* [Data shown]
* * *

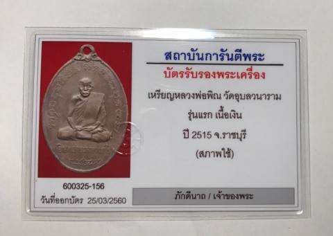 | ชื่อพระเครื่อง | เหรียญหลวงพ่อพิณ วัดอุบลวนาราม รุ่นแรก เนื้อเงิน พร้อมบัตรรับรอง |
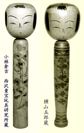小林一家は明治三十八年頃までこけしを盛んに作ったが、薄荷入れの需要が高まると、その生産に追われて、玩具類を作る余裕はほとんどなくなった。こけしを再開するのはこけし蒐集家が現れるようになってからで、現存するこけしは倉吉、吉太郎が大正十年代、吉兵衛が昭和十二年頃、吉三郎が昭和十五年頃以降である。
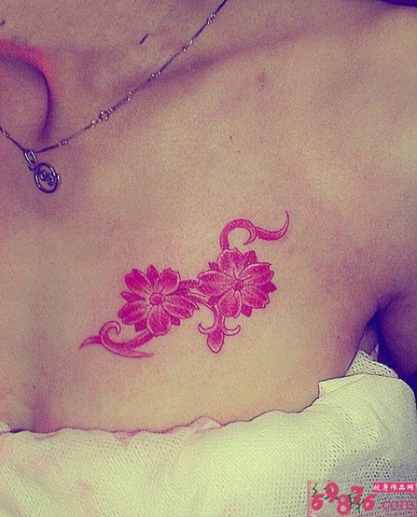 性感女人胸部娇艳梅花纹身_胸部纹身图案大全_纹身图吧
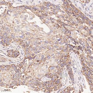 | IHC检测Bax蛋白(货号 GB114122). 样品: 人食管癌, 4%多聚甲醛 (货号G1101) 固定12-24小时. 抗原修复: 柠檬酸抗原修复液(干粉, pH 6.0) (G1201), 98℃, 20分钟. —抗: 1: 400稀释, 4℃ 孵育过夜. 二抗: HRP标记山羊抗兔IgG (H+L) (货号GB23303), 1: 200稀释, 室温孵育1小时. |

* * *

* [What you need to do]
Your copy should hold exactly the lines from the line bearing "小林一家は明治三十八年頃まで" through the end of the data, both included, and no pictures or anything further.

* [Result below]
小林一家は明治三十八年頃までこけしを盛んに作ったが、薄荷入れの需要が高まると、その生産に追われて、玩具類を作る余裕はほとんどなくなった。こけしを再開するのはこけし蒐集家が現れるようになってからで、現存するこけしは倉吉、吉太郎が大正十年代、吉兵衛が昭和十二年頃、吉三郎が昭和十五年頃以降である。
 性感女人胸部娇艳梅花纹身_胸部纹身图案大全_纹身图吧
 | IHC检测Bax蛋白(货号 GB114122). 样品: 人食管癌, 4%多聚甲醛 (货号G1101) 固定12-24小时. 抗原修复: 柠檬酸抗原修复液(干粉, pH 6.0) (G1201), 98℃, 20分钟. —抗: 1: 400稀释, 4℃ 孵育过夜. 二抗: HRP标记山羊抗兔IgG (H+L) (货号GB23303), 1: 200稀释, 室温孵育1小时. |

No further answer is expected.